Clinical Trial2011 Dec 1;4(6):562-9.

JOURNAL:Circ Cardiovasc Interv. Article Link

Comprehensive intravascular ultrasound assessment of stent area and its impact on restenosis and adverse cardiac events in 403 patients with unprotected left main disease

Kang SJ, Ahn JM, Song H et al. Keywords: stent; imaging; diagnostic coronary restenosis

ABSTRACT


BACKGROUND - We assessed the optimal intravascular ultrasound (IVUS) stent area to predict angiographic in-stent restenosis (ISR) after sirolimus-eluting stent implantation for unprotected left main coronary artery (LM) disease.

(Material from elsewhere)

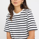 Binding Ecru Navy Stripe Boxy Fit Tee
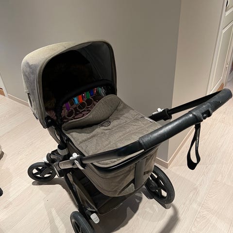 Bugaboo Fox 3, kjøpt ny 2023 og brukt av 1 barn. Komplett med liggedel, sittedel, parasoll, koppholder, regntrekk og myggnetting (med lite hull). Alt fungere som det skal. Noe bruksslitasje, se bilder. Legger ved link til siden vi kjøpte den fra: https://www.barnashus.no/bugaboo/fox-3-komplett-graphitestormyblue

METHODS AND RESULTS - A total of 403 patients treated with single- or 2-stent strategies (crushing and T-stent) had immediate poststenting IVUS and 9-month follow-up angiography. Poststenting minimal stent area (MSA) was measured in each of 4 segments: ostial left anterior descending (LAD), ostial left circumflex (LCX) polygon of confluence (POC, confluence zone of LAD and LCX), and proximal LM above the POC. Overall, 46 (11.4%) showed angiographic restenosis at 9 months: 3 of 67 (4.5%) nonbifurcation lesions treated with a single-stent, 14 of 222 (6.3%) bifurcation lesions treated with single-stent crossover, and 29 of 114 (25.4%) of bifurcation lesions treated with 2 stents. The MSA cutoffs that best predicted ISR on a segmental basis were 5.0 mm(2) (ostial LCX ISR), 6.3 mm(2) (ostial LAD ISR), 7.2 mm(2) (ISR within the POC), and 8.2 mm(2) (ISR within the LM above the POC). Using these criteria, 133 (33.8%) had underexpansion of at least 1 segment. Angiographic ISR (at any location) was more frequent in lesions with underexpansion of at least 1 segment versus lesions with no underexpansion (24.1% versus 5.4%, P<0.001). Two-year major adverse coronary event-free survival rate was significantly lower in patients with underexpansion of at least 1 segment versus lesions with no underexpansion (90±3% versus 98±1%, log-rank P<0.001), and poststenting underexpansion was an independent predictor for major adverse cardiac events (adjusted hazard ratio, 5.56; 95% confidence interval, 1.99-15.49; P=0.001).

CONCLUSIONS - With these criteria, IVUS optimization during LMCA stenting procedures may improve clinical outcomes.